Succede a Milano. Due storie a distanza di pochi giorni, nella stessa città. Due storie molto diverse per premesse e conclusioni.

Cominciamo dall’ultima. Ieri mattina alle 7 una donna di 43 anni, si è gettata dalla finestra di un palazzo. 12 metri di volo. Prima, mentre era pronta a compiere l’insano gesto, viene vista da un inquilino che portava fuori il cane. Pronto di riflessi, ha svegliato gli altri condomini mobilitandoli, per far portare subito in strada dei materassi capaci di attutire il volo. Proprio come nei film. E sono proprio i materassi, ammetteranno poi le forze dell’ordine, ad averla salvata, limitando i danni alla frattura del bacino.

L’altra storia. Nella ricca Brianza, alle 23.30 di una stanca domenica estiva, un colpo di vento fa scattare l’allarme antiintrusione di un appartamento vuoto per un finesettimana allungato. Nessun condomino interviene, almeno per verificare di cosa si trattasse: nessuno pensa che se ci fosse stato un ladro il prossimo appartamento svaligiato avrebbe potuto essere il suo. La sirena suonerà fino alle 3 del mattino, fermato solo dall’intervento dei carabinieri (allertati da un inquilino disperato) e dei proprietari.

Nel primo caso, quello del tentato suicidio, un giovane dà l’allarme e la solidarietà scatta subito con un via vai di materassi. Nel secondo caso, quello dell’allarme, il fastidio di un allarme continuo non basta nemmeno a far mettere la testa fuori a più di una persona.

Due modi diversi di vedere la vita di condominio, probabilmente. Ed è curioso che, nel primo caso, il giovane che ha salvato la donna sia un ex detenuto che – come scrivono i giornali – ha sbagliato, capito, pagato e cambiato vita, anche se gli strascichi del suo passato difficile gli impediscono di trovare un lavoro. Nel secondo condominio, invece, è tutta gente per bene, di quella che si lamenta per un cane che abbaia una volta alla settimana.

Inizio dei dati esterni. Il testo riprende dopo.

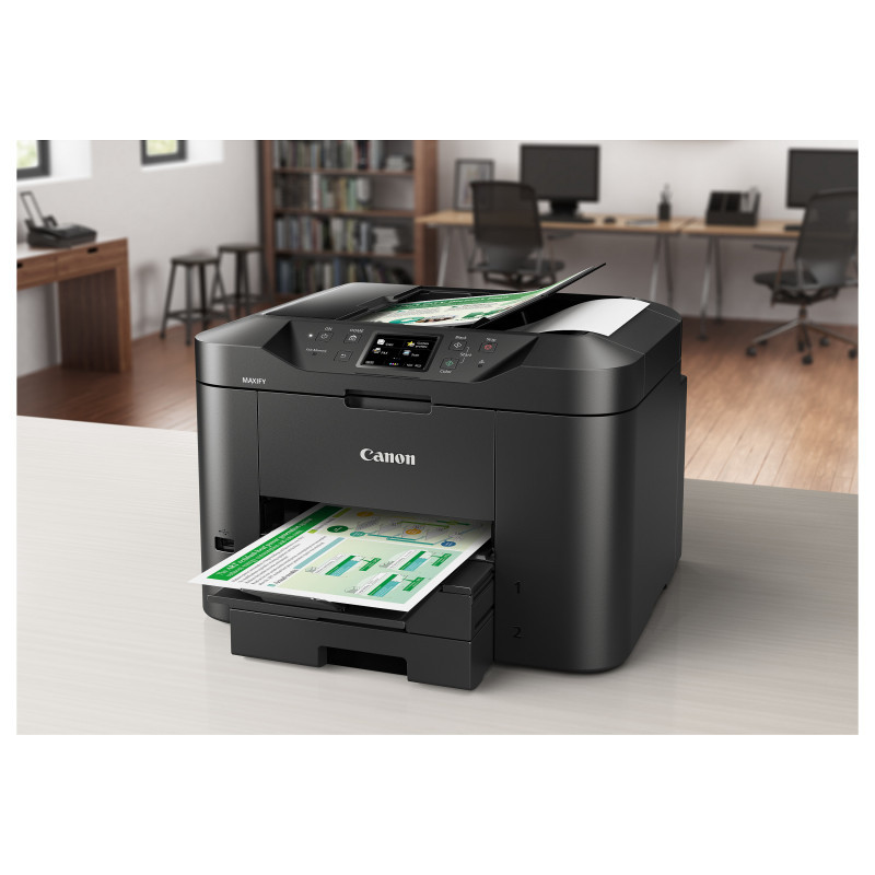 "Canon MAXIFY MB2750. Print technology: Inkjet, Printing: Colour printing, Maximum resolution: 600 x 1200 DPI, Print speed (colour, normal quality, A4/US Letter): 15.5 ppm. Copying: Colour copying. Scanning: Colour scanning, Optical scanning resolution: 1200 x 1200 DPI. Faxing: Colour faxing. Maximum ISO A-series paper size: A4. Wi-Fi. Product colour: Black"\n"All-In-One colour inkjet for home offices. The Canon MAXIFY MB2750 Series provides mobile printing and cloud integration, while its 500-sheet paper capacity and fast 24 ipm mono print speed maximise productivity.

Due estrazioni diverse, due atteggiamenti diversi. Mentre l’ex carcerato aiuta, la gente per bene ha altro cui pensare.
Forse non è così assurdo comprendere perché Gesù sia venuto per i peccatori, e non per i giusti. I giusti pensano di bastare a se stessi; i peccatori no. Hanno sofferto, hanno imparato ad ammettere il fallimento e sono disposti a cambiare, se qualcuno dà loro una seconda possibilità.